UNITED STATES
SECURITIES AND EXCHANGE COMMISSION
Washington, DC 20549
FORM 8-K
CURRENT REPORT
Pursuant to Section 13 or 15(d) of the Securities Exchange Act of 1934
Date of Report (Date of earliest event reported): December 16, 2013
PHARMATHENE, INC.
(Exact name of registrant as specified in its charter)
| Delaware | 001-32587 | 20-2726770 | ||
| (State or other jurisdiction of incorporation) | (Commission File Number) | (IRS Employer Identification No.) |
| One Park Place, Suite 450, Annapolis, Maryland | 21401 | |
| (Address of principal executive offices) | (Zip Code) |
Registrant’s telephone number including area code: (410) 269-2600
(Former name or former address, if changed since last report)

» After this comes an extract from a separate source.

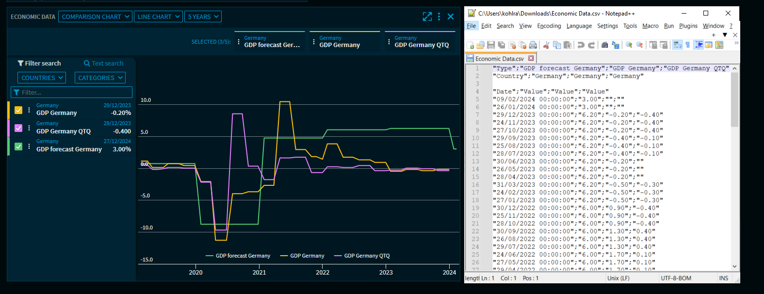 The "Economic Data" widget now supports the CSV export of the historical data.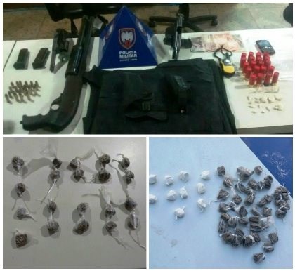 No Morro do Romão, os policiais abordaram J.F.S.M., de 21 anos, no Beco 8. Com ele foram apreendidos quatro pinos de cocaína, quatro papelotes de cocaína, 10 pedras de crack e a quantia de R$ 50,00 em espécie. O detido informou aos policiais que estava comercializando os entorpecentes. Devido a várias denúncias de que ele escondia armamento em sua residência, J., levou os policiais até a sua residência, onde foram apreendidos um colete balístico, uma espingarda calibre 12, um revólver calibre 38, uma pistola de calibre 9mm, dois carregadores para a pistola 9mm, um carregador de pistola .40, 20 munições de calibre 12, sete munições de calibre 38, 15 munições de calibre 9mm, um rádio comunicador e dois coldres.

Check the appropriate box below if the Form 8-K filing is intended to simultaneously satisfy the filing obligation of the registrant under any of the following provisions:
| ¨ | Written communications pursuant to Rule 425 under the Securities Act (17 CFR 230.425) |
| ¨ | Soliciting material pursuant to Rule 14a-12 under the Exchange Act (17 CFR 240.14a-12) |
| ¨ | Pre-commencement communications pursuant to Rule 14d-2(b) under the Exchange Act (17 CFR 240.14d-2(b)) |
| ¨ | Pre-commencement communications pursuant to Rule 13e-4(c) under the Exchange Act (17 CFR 240.13e-4(c)) |
Item 7.01. Regulation FD.
Attached hereto as Exhibit 99.1 is a press release that PharmAthene, Inc. issued on December 16, 2013.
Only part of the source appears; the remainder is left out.